We present an OFELI program that solves the 2-D time-dependent incompressible Navier-Stokes equations. For this demo, we solve these equations by a time integration projection method. Space discretisation is handled by a triangular finite element method.

• We start by including the classes for fluid dynamics:

  #include "OFELI.h" #include "Fluid.h"

• Like for the previous example, we define an instance of class IPF to handle project data. We also define as data the Reynolds number Re.

  IPF proj(argv[1]); Verbosity = proj.getVerbose(); Mesh mesh(proj.getMeshFile()); theTimeStep = proj.getTimeStep(); theFinalTime = proj.getMaxTime(); int plot_flag = proj.getPlot(); double Re = proj.getDouble("Reynolds");

• To store the solution we define two files, for velocity and pressure by using the class IOField. The resulting velocity and pressure vectors will be stored in corresponding files for postprocessing.

  IOField vff(proj.getMeshFile(),proj.getString("v_file"),mesh,IOField::OUT); IOField pff(proj.getMeshFile(),proj.getString("p_file"),mesh,IOField::OUT);

• We now define vectors that will contain the solution (u and p for velocity and pressure respectively) and then we define an instance of class TINS2D3TS that solves 2-D incompressible Navier-Stokes equations using the projection method with P₁ elements for velocity and pressure. We also trasmit two data to this instance.

  Vect<double> u(mesh,"Velocity",0), p(mesh,"Pressure",0,1); TINS2DT3S eq(mesh); eq.Reynolds(Re); eq.setTolerance(proj.getTolerance());

  We have next to declare vectors for initial conditions, boundary conditions, ... To initialize these vectors, the class Prescription can be used. We note that these conditions are read in the same file as the project file. For instance to assign initial conditions, we can retrieve this information in this file, then transmit it to the equation by the member function setInput:

  Vect<double> bc(mesh), bf(mesh); Prescription pr(mesh,proj.getDataFile()); pr.get(INITIAL_FIELD,u); eq.setInput(INITIAL_FIELD,u);

• We are now ready to start computations, i.e. looping over time steps. We have to assign necessary data at each time step and then run the step.
  For each datum, we use the function get to obtain from the Prescription instance the vector, and then the function set to transmit to the TINS2DT3S instance the vector. We may also note that at each time step the vectors u and p contain respectively the velocity and pressure for the current time step, so we can save them in appropriate files.
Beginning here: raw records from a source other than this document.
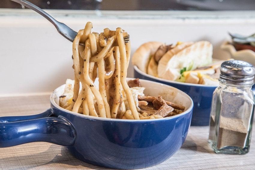 喬妹碳烤吐司舖-桃園民生店地的鐵板麵是用烏龍麵,口感Q彈紮實,比起一般軟爛的油麵,咬咬超愛鐵板烏龍麵,超好吃!黑胡椒醬也是喬妹自製的,黑胡椒的香氣相當明顯,微微的辣度頗為開胃呢
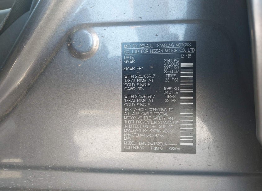 VIN: KNMAT2MV4KP529278 · Justin, TX, 76247 · TX Salvage
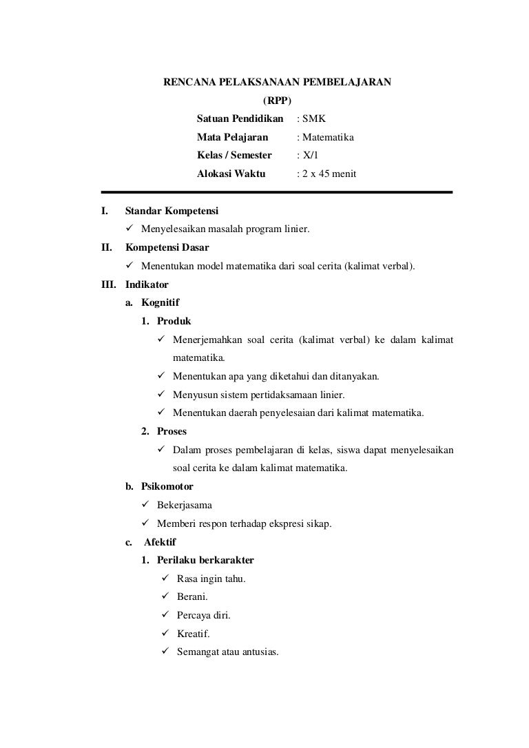 Contoh Rpp Silabus / Rpp 1 Lembar Smp Bahasa Indonesia Kelas 7 8 9
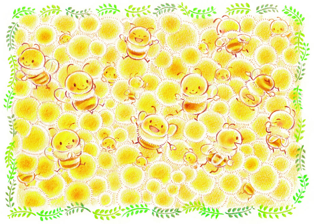 女王バチ(お母さん)から生まれた働きバチが、一生懸命はちみつをとっている姿は、女王バチから見て、とてもいとおしい存在なんだろうなぁ~と想像しながら、描きました。
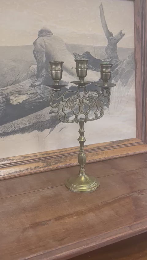 Original price $69.00 - Original price $69.00Original price$69.00$69.00 - $69.00Current price $69.00| /Vintage Gold Toned Candelabra With Lion MotifLow stockThis Candelabra Features a Motif of Two Lions. May need to be Cleaned as Pictured. Vintage Condition Consistent with Age.Dimensions. 7 W ; 3 D ; 12 H Original price $69.00 - Original price $69.00Original price$69.00$69.00 - $69.00Current price $69.00| /
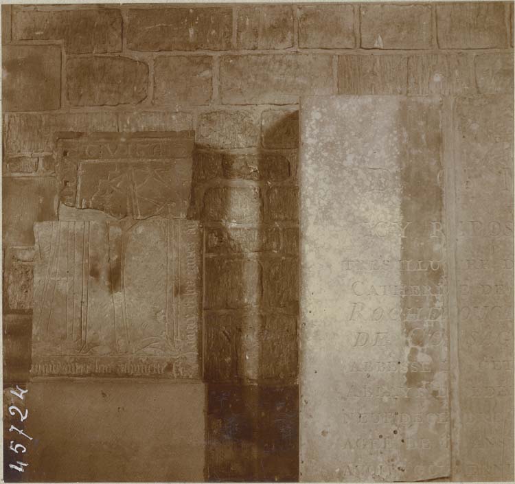 Dalle funéraire à effigie gravée. Sous une arcade trilobée, figure d'une religieuse debout, la crosse à la main. Il ne reste plus que deux fragments de cette dalle, qui avait été brisée pour faire des marches devant le maître-autel. L'inscription de la bordure est en caractères gothiques.
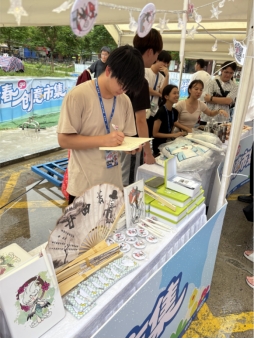 动画专业学生们设计的衍生产品,也在2025华商青春创意集市活动中大放异彩,在市集现场展销的明信片、贴纸、立牌等衍生品均来自课程实践成果,吸引大量师生踊跃购买。“没想到自己的设计能被大家喜欢!”购买的人数比想象中要多,很高兴看到自己的作品被认可,还有同学找我要签名。”参与集市活动的同学兴奋的表示。衍生产品通过文创集市活动直接获得市场反馈,对专业认知从课堂延伸至产业端,2025华商青春创意集市活动让学生亲历‘设计-产品-商品’的转化链条,是应用型人才培养的关键一环。
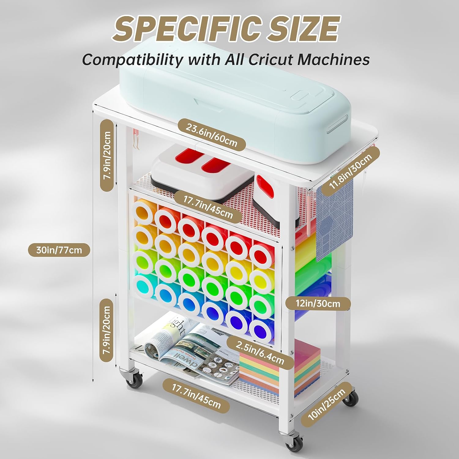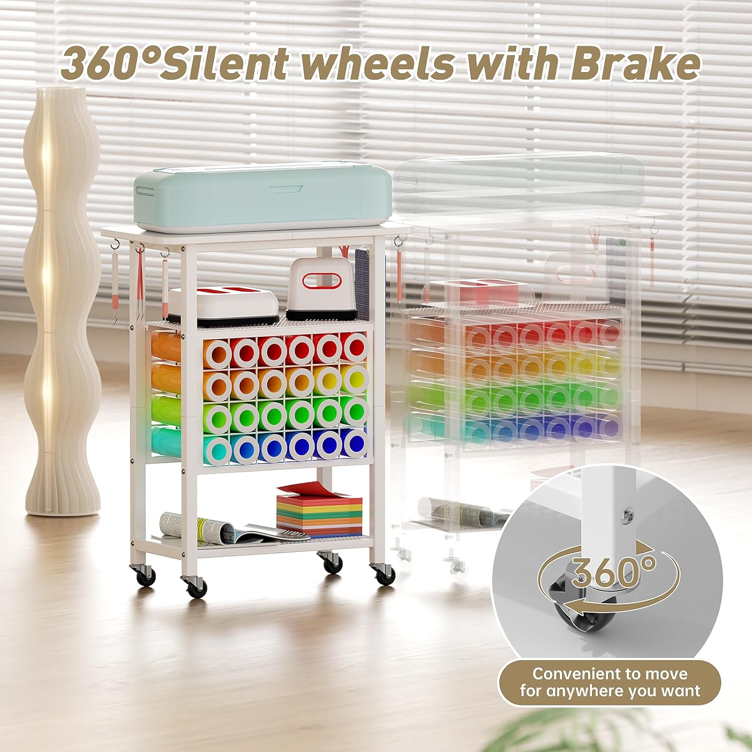 Ample Storage Stand: Designed specifically for Cricut machines and tools, this craft storage cart offers ample storage space to keep your craft materials neatly organized and easily accessible. The top shelf is perfect for placing your Cricut machine, 24 compartments for vinyl rolls, and can neatly store all your rolls of vinyl, and the six hooks offer convenient hanging space for frequently used tools
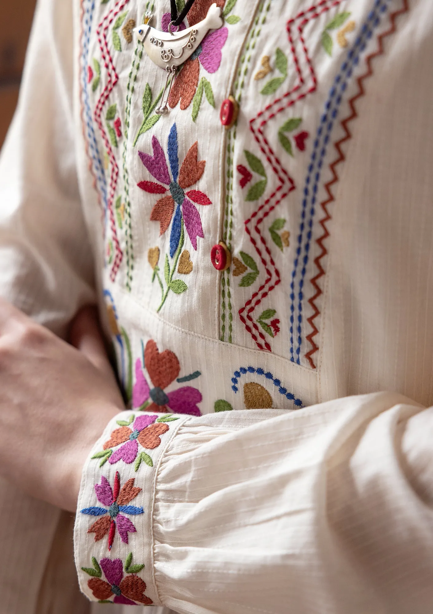 Vävd tunika med vackra broderier på både framstycke, runt manchetter och som en bård vid plaggets nederkant. Modell med hellång ärm och ett ok med rynkning framtill. Rund halsringning som är bandkantad i accentfärg. Tygklädda knappar i accentfärg vid oket och ärmsluten.
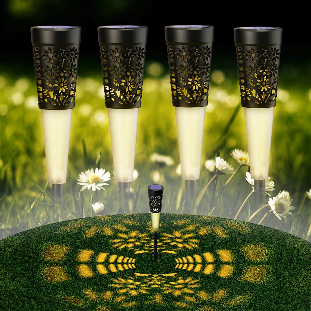 Waterproof LED Outdoor Solar Lamp Lighting Decoration Hollow Out Flower Landscape Lights Ground Garden Lawn Solar Pathway Light
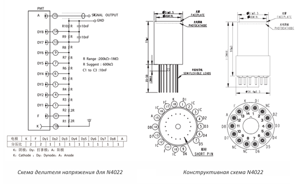 Принципиальная схема устройства динодного ФЭУ
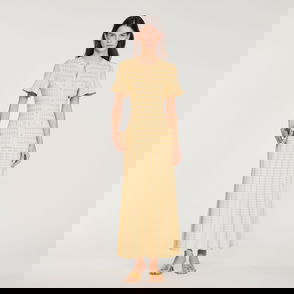 Metallic Rib Knit Cap Sleeve Midi Dress Pale Gold
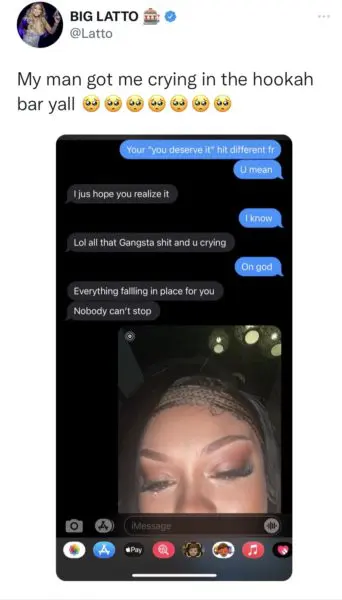 Latto took to Twitter to post a screenshot that revealed an exchange between her and her man with a picture of herself crying in the hookah bar from excitement.

  TimeLoop { eq.setInput(BOUNDARY_CONDITION,pr.get(BOUNDARY_CONDITION,theTime)); eq.setInput(BODY_FORCE,pr.get(BODY_FORCE,theTime)); eq.runOneTimeStep(); if (plot_flag>0 && theStep%plot_flag==0) { p.setTime(theTime); u.setTime(theTime); vff.put(u); pff.put(p); } }

  

An example

Let us run this program with the data presented in the following project file:

<?xml version="1.0" encoding="ISO-8859-1" ?> <OFELI_File> <info> <title></title> <date></date> <author></author> </info> <Project name="cavity"> <time_step value="0.01"/> <max_time value="0.5"/> <verbose value="1"/> <plot value="10"/> <mesh_file value="cavity-30.m"/> <parameter label="Reynolds" value="1"/> <parameter label="v_file" value="cavity.v"/> <parameter label="p_file" value="cavity.p"/> </Project> <Prescription> <BoundaryCondition code="2" dof="1">1</BoundaryCondition> </Prescription> </OFELI_File>

Note that we have also a section describing prescription data where a boundary condition is given: We impose the value 1.0 to the horizontal velocity dof="1" for nodes with a code equal to 2. All other data that are not given are by default set to 0.